_INSTRUCTIONS TO FOLLOW_
Output the lines of the listing below exactly, starting at the line containing "Em quan sát" and stopping after the last line, with any pictures dropped.

_DATA EXTRACT_
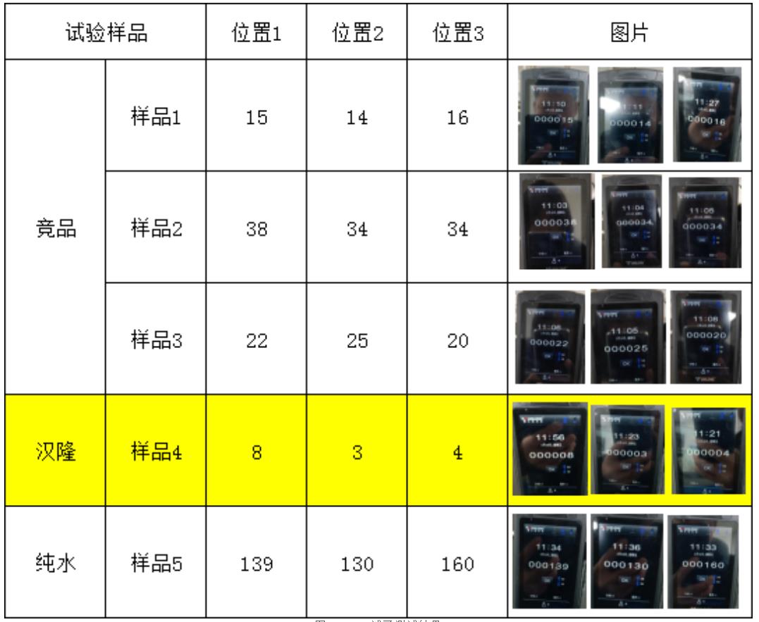清洗完畢,用ATP拭子測試結果如下(每組樣品均選3處不同位置測試):
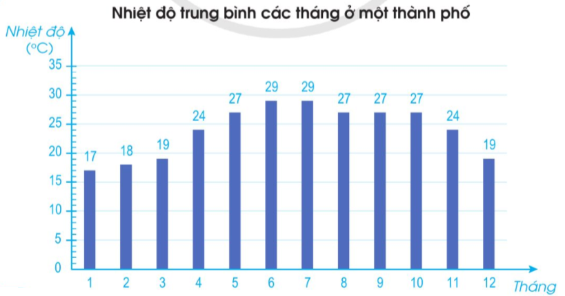 Em quan sát nhiệt độ trung bình các tháng ở một thành phố trên biểu đồ và nêu nhận xét
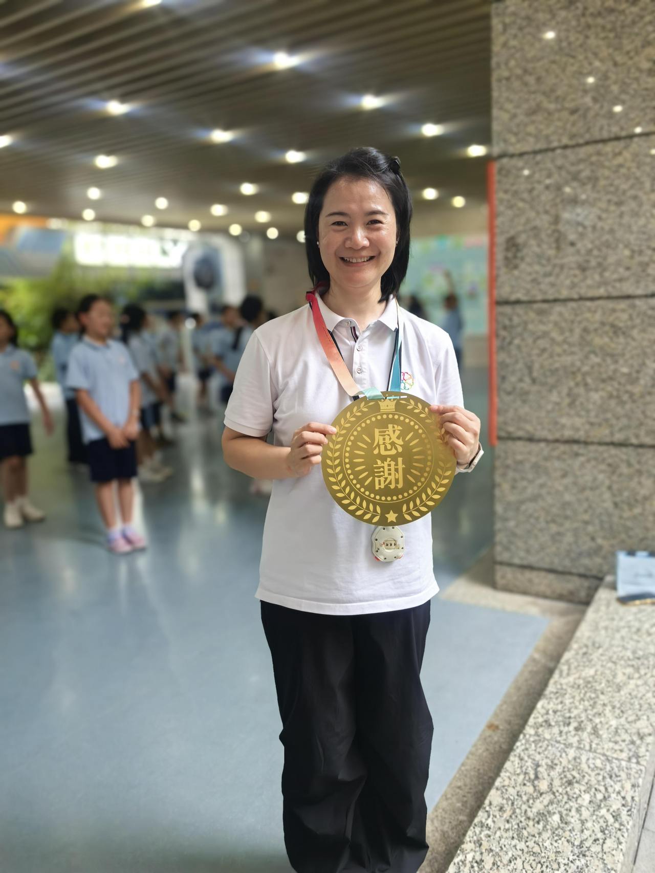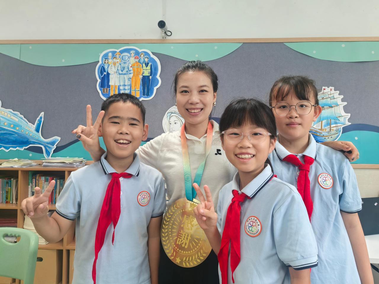 英语张老师接过金牌时,手指不自觉地摩挲着“感谢”二字。当他轻轻翻过背面,看到学生小涛用歪歪扭扭的字迹写着:“我总说不喜欢英语,其实是怕让您失望。”这位年轻的男老师迅速转身,假装整理教案抹了抹眼角。
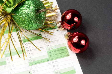 Calendar and decorations for Christmas

_TASK ANSWER_
 Em quan sát nhiệt độ trung bình các tháng ở một thành phố trên biểu đồ và nêu nhận xét
 英语张老师接过金牌时,手指不自觉地摩挲着“感谢”二字。当他轻轻翻过背面,看到学生小涛用歪歪扭扭的字迹写着:“我总说不喜欢英语,其实是怕让您失望。”这位年轻的男老师迅速转身,假装整理教案抹了抹眼角。
 Calendar and decorations for Christmas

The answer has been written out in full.